Ecological disturbances exert an influence on the emergence and proliferation of malaria and zoonotic parasitic diseases, including, Leishmaniasis, cryptosporidiosis, giardiasis, trypanosomiasis, schistosomiasis, filariasis, onchocerciasis, and loiasis. Each environmental change, whether occurring as a natural phenomenon or through human intervention, changes the ecological balance and context within which disease hosts or vectors and parasites breed, develop, and transmit disease. Each species occupies a particular ecological niche and vector species sub-populations are distinct behaviourally and genetically as they adapt to man-made environments. Most zoonotic parasites display three distinct life cycles: sylvatic, zoonotic, and anthroponotic. In adapting to changed environmental conditions, including reduced non-human population and increased human population, some vectors display conversion from a primarily zoophyllic to primarily anthrophyllic orientation.
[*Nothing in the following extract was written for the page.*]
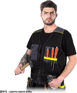 LH-POCKER - Bezrękawnik z mnóstwem kieszeni różnych rozmiarów - czarno-szaro-źółty 3XL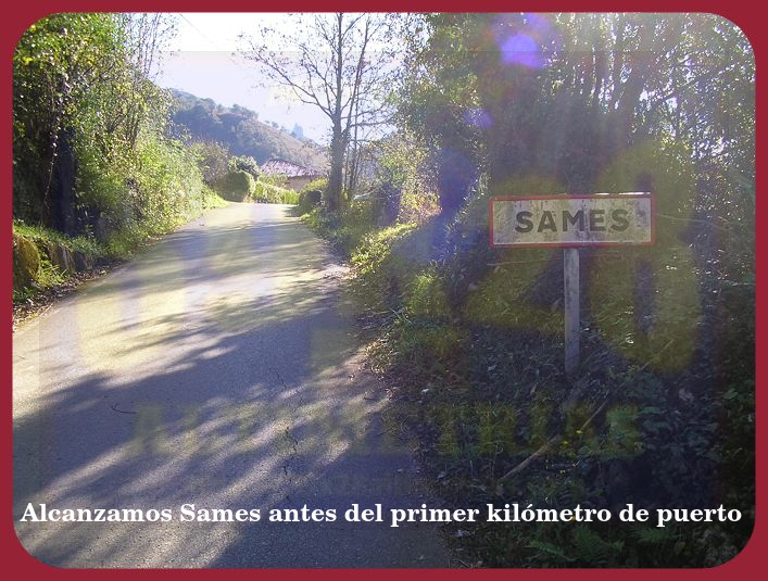 Transcurriendo por la carretera nacional N-625, de Cangas de Onís hacia el puerto del Pontón, encontraremos , en Precendi, el desvío hacia el Mirador de la Collada, hacia Sames, hacia San Román, iniciándose, con violencia, este explosivo puerto. Las primeras rampas, hasta Sames, ya son considerables, alcanzando el 15%, y con zonas muy sostenidas de dos dígitos. Un pequeño descansillo en esta localidad (Sames) nos permitirá respirar con alivio y afrontar el tramo central de esta primera fase de la subida al collado Amieva. Casi tres kilómetros muy sostenidos en torno al 10%, con un fondo paisajístico de un nivel colosal (ver imágenes o, mejor dicho, acudir el puerto ya). La subida transcurre entre zonas más despejadas y otras más arboladas, entre rampones y brevísimos descansillos hasta Carbes, donde se suavizan las rampas y entramos en una zona más sombría con alguna que otra "herradura". Será en el quinto kilómetro donde atravesamos lo más duro de esta fase inicial, allá donde la carretera se inclina hasta un 17%. Un puerto que con estas características ya es para tomárselo muy en serio, pero que adquiere tintes verdaderamente épicos cuando afrontamos el descenso hacia San Román y observamos frente a nosotros lo que parece ser una carretera serpenteando a través de la montaña, un camino estrecho, un camino de violencia...

Deforestation and ensuing changes in landuse, human settlement, commercial development, road construction, water control systems (dams, canals, irrigation systems, reservoirs), and climate, singly, and in combination have been accompanied by global increases in morbidity and mortality from emergent parasitic disease. The replacement of forests with crop farming, ranching, and raising small animals can create supportive habitats for parasites and their host vectors. When the land use of deforested areas changes, the pattern of human settlement is altered and habitat fragmentation may provide opportunities for exchange and transmission of parasites to the heretofore uninfected humans. Construction of water control projects can lead to shifts in such vector populations as snails and mosquitoes and their parasites. Construction of roads in previously inaccessible forested areas can lead to erosion, and stagnant ponds by blocking the flow of streams when the water rises during the rainy season. The combined effects of environmentally detrimental changes in local land use and alterations in global climate disrupt the natural ecosystem and can increase the risk of transmission of parasitic diseases to the human population.